6. The natural speech recognition device based on hybrid local and cloud recognition of claim 5, further comprising:

and the interaction module is used for determining a response mode of the recognition result of the natural voice according to the adjusted confidence coefficient of the final recognition result and the application scene.

7. The natural speech recognition device based on the local and cloud hybrid recognition of claim 6, wherein the interaction module responds in a manner that:

8. The natural speech recognition device based on the hybrid local and cloud recognition of claim 7, wherein:

and in the interaction module, for each response mode, randomly outputting a pre-stored response result.

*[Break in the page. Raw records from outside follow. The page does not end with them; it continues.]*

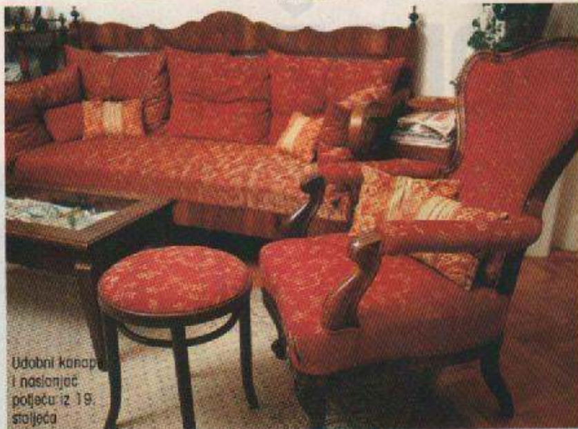
Udobni kanapa i naslonjač pojeću iz 19. stoljeća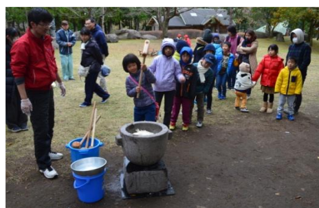
子ども達は、もちつきを楽しんでくれました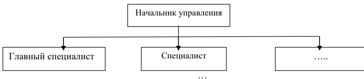
Рисунок 1 – Структура управления

Рисунки следует нумеровать арабскими цифрами сквозной нумерацией по всей работе. Каждый рисунок (схема, график, диаграмма) обозначается словом «Рисунок», должен иметь заголовок и подписываться следующим образом – посередине строки без абзацного отступа, например: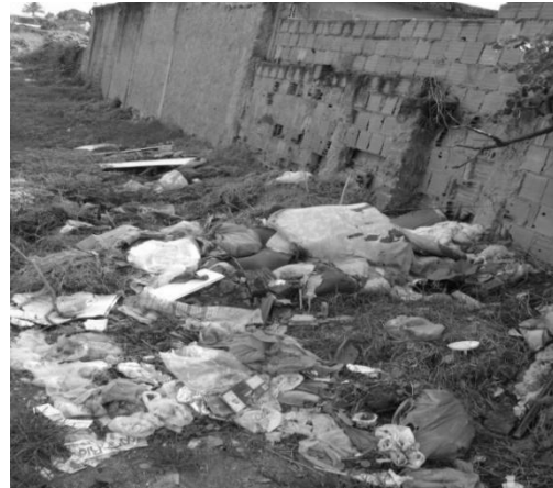
Figura 14: Lixo em terreno baldio.

Insegura e desprotegida é a vida desses moradores. São homens que enfrentam a realidade do desemprego ou de ocupações informais, de pouca remuneração, e mulheres, em sua maioria, que se dedicam a atividades domésticas, seja em suas casas, ou na casa dos “outros”. O fato é que a pobreza sempre existiu, tanto no passado quanto no presente, porque Custodópolis é terra de “um povo sacrificado, sofrido” (GRIPES, 2008, p.10). E isso é possível de ser identificado nas habitações precárias, no baixo nível de escolaridade, na falta de saneamento e na alimentação insuficiente. Além disso, a pobreza na comunidade vem alcançando outras dimensões como o elevado índice de “gravidez na adolescência e a não responsabilização dos pais, a dependência química, a violência e abuso sexual”. (Ibid, p.58).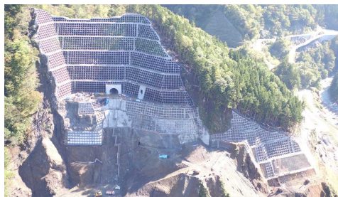
③ ダムサイト状況(右岸上空より望む)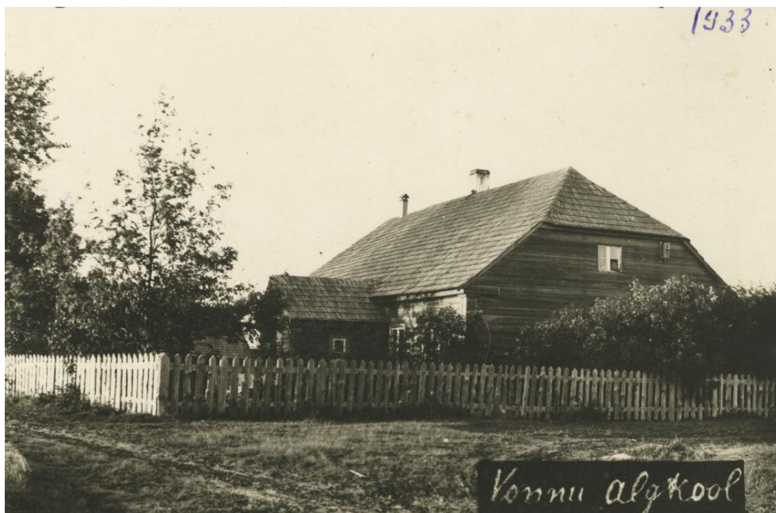
Joonis 3. Vaade koolimajale idast 1933. aastal (Allikas: Muinsuskaitse eritingimused).

Praegusel hetkel on ajalooline koolihoone keskmise suurusega ühekorruseline poolkelpkatusega rõhtpalkehitis. Hoone osad on kaetud rõhtlaudvoodriga, kusjuures ehitise mõlemad ehitusjärgud on selgesti eristatavad erineva laudise ja kujunduselementidega. Hetkel on laudis vana, kulunud ja vajab osaliselt väljavahetamist. Hoone paikneb madalal, sideaineta laotud maakivivundamendil. Hoonel on säilinud ajalooline laastukatus, mis hilisemalt on kaetud ruberoidkattega. Maja aknad on kahe poolega ning topeltraamidega, ülaosas kolmeks või neljaks jaotatud aknad. Samuti on hoonel telliskorsten ja tellistest soemüür hoone keskteljel. Klassitoas on säilinud 1930. aastatest pärinev lihtpottahi, elutubades ümara kestaga raudahi ja 60-datest pärinev lihtpottahi.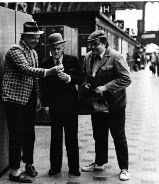
Olsen-banden på spil – for niende gang.

Verdensbanken). Vore tre hovedpersoner er fortrinlige, og Egon Olsens figur står skarpere end i den foregående film, men bifigurerne virker lidt slappe (fx. Paul Hagen og Ove Verner Hansen). Den rent filmiske originalitet er heller ikke så påfaldende denne gang, og visse scener minder lidt for meget om »Huset på Christianshavn«, hvad der ikke er ment som nogen kompliment i denne sammenhæng. Men vi ser dog med forventning hen til jubilæumsfilmen næste år (det bliver måske den sidste?), hvor Balling og Bahs ligesom er forpligtet til at levere det helt overgåede. (Danmark 1977). I.L.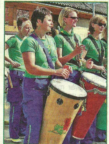
Trommler heitzen die Stimmung an.

Außerdem warten auf die Zuschauer und Teilnehmer viele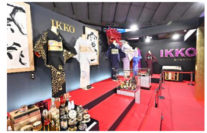
前回の展示作品 (世界らん展 2020 会場内)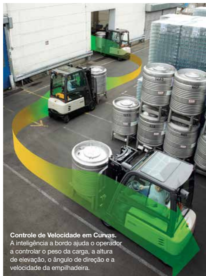
Controle de Velocidade em Curvas. A inteligência a bordo ajuda o operador a controlar o peso da carga, a altura de elevação, o ângulo de direção e a velocidade da empilhadeira.

O sistema inteligente usa os sensores integrados e os comandos para monitorar e controlar constantemente as principais funções e movimentos. Ele melhora a estabilidade projetada da empilhadeira para otimizar segurança e desempenho. Nosso sistema de posicionamento faseado e amortecimento do mastro em processo de patenteação também ajuda os operadores a manter o controle da carga em movimento em todos os momentos. Deste modo, a empilhadeira oferece segurança mesmo quando os operadores não estão pensando nisso.

9. The natural speech recognition device based on the hybrid local and cloud recognition of any one of claims 5-8, further comprising:

and the confidence coefficient adjusting module is used for adjusting the confidence coefficient of the first voice recognition result to be higher than the confidence coefficient of the second voice recognition result when the judgment result of the judging module is negative.

10. A natural speech recognition system based on local and cloud hybrid recognition, comprising the natural speech recognition apparatus of any one of claims 5 to 9 and:

a voice receiving device for receiving a natural voice signal;

the natural language recognition module analyzes the natural voice signal to obtain an application scene of natural voice;

the natural voice recognition device receives an application scene of natural voice, the first voice recognition result and the confidence coefficient thereof, and the second voice recognition result and the confidence coefficient thereof recognized by the cloud end; according to the application scene of the natural voice, adjusting the confidence coefficient of the first voice recognition result and the confidence coefficient of the second voice recognition result; if the application scene is related to local application, improving the confidence coefficient of the first voice recognition result; and outputting one of the first voice recognition result and the second voice recognition result with high confidence as a final recognition result.

11. The natural speech recognition system based on hybrid local and cloud recognition of claim 10, wherein:

the natural language recognition module is configured in the local recognition engine.